Did you know that the disclosure document last for a period of two years. Remember it is not a patent filing date.

Your Cost:

This is one of the most affordable methods of protection available, thanks to Uncle Sam. The fee for filling a disclosure with the U.S. Government is only $10.


The disclosure document helps establish a date of conception for your idea, as due the certified letter, and nondeleting software.  ideas for an invention  Taken by itself it is not sufficient protection for your idea, but combine it with the other four methods mentioned in this book and your idea will be more secure.

Non Deleting Software

What is non deleting software?

Exactly what the title says it is, software you can not delete, alter, or manipulate in anyway. Whatever you enter into it stays put. Essentially this allows you to record your ideas as they come to you in chronological order with out being able to manipulate the information. The U.S. Patent and Trademark Offices states that a non deleting software must have the following features. ideas for an invention

1. non-deletion

2. sequential page numbering

3. witnessing

4. time stamping.

Did you know?

Did you know that by Using the software you can keep an irrefutable trail of your invention. Where you have employees or contractors working on your most prized intellectual assets, managing your ideas through the software will allow you to ensure that the IP stay within your company.

Your Cost:

$30-$500 depending on the software.


Non deleting software provides a paper trail in a sense. Since you can not alter pages once they are entered it allows the idea to be traced back to the first entry date.
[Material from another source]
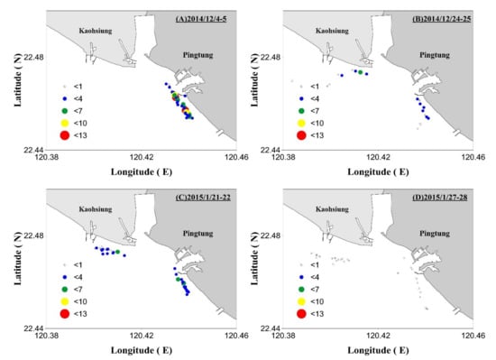 The A. japonica fishing surveys in the winter of 2014–2015 yielded the following findings. Between November 2014 and February 2015, the distribution of the fishing sites and recruitment in the traditional fishing grounds of Gaoping shifted from south to north and gradually dispersed (Figure 11). In November 2014, even though observations confirmed that the high–temperature water of the KC had passed through the LS and that the KC intruded into the SCS, no A. japonica were caught during our fishing survey (Figure 9A and Figure 11A). In December 2014, A. japonica began to be caught in the traditional fishing grounds of Gaoping, which were located primarily in the open sea of Pingtung. Recruitment was relatively densely distributed (Figure 11B). In January 2015, the fishing sites in the fishing grounds began to spread out, which was accompanied by a decrease in recruitment (Figure 11C). In February 2015, no A. japonica leptocephali were caught on our fishing survey (Figure 11D). Instead, A. japonica leptocephali began to be caught in the fishing grounds in the waters of northern Taiwan, where the main KC passed [2].

It also shows how your thoughts progressed, like a diary that can not be tampered with. Taken by itself it is not sufficient protection for your idea, but combine that with the other four methods mentioned in this book and your idea will be more secure.

Non-Disclosure Document

What is a Non-disclosure:

Whether your new to inventing, or have been doing your protection homework you have probably heard of a nondisclosure document. In its purest sense a non-disclosure document is nothing more than a legal document that says you can’t share what I tell you and I can’t share what you tell me. It’s that simple. Of course there is more to it, but that is the essential foundation behind the document. Most good non-disclosures have a clause stating the length of time that the parties must remain silent, usually 18 months on average.

Did you know?

Did you know that a non-disclosure is the simplest way to protect yourself from infringement. However a non-disclosure document must be signed by every individual you present your idea to.

Your Cost:

You can easily find non disclosure documents online for free, and if you prefer you can have an attorney create one for you for around $500-$1000.


Using a non-disclosure will tell the people you are dealing with that you are serious, and that you know what you are doing. This will go a long way in fending off unwanted infringement. A non-disclosure document is a legally binding contract that is enforceable in a court of law. If a person or a company violates the condition of the document, you may be able to sue for damages. A non-disclosure document alone is not sufficient protection for inventors, but combined with the other four methods mentioned in this book and your idea will be more secure.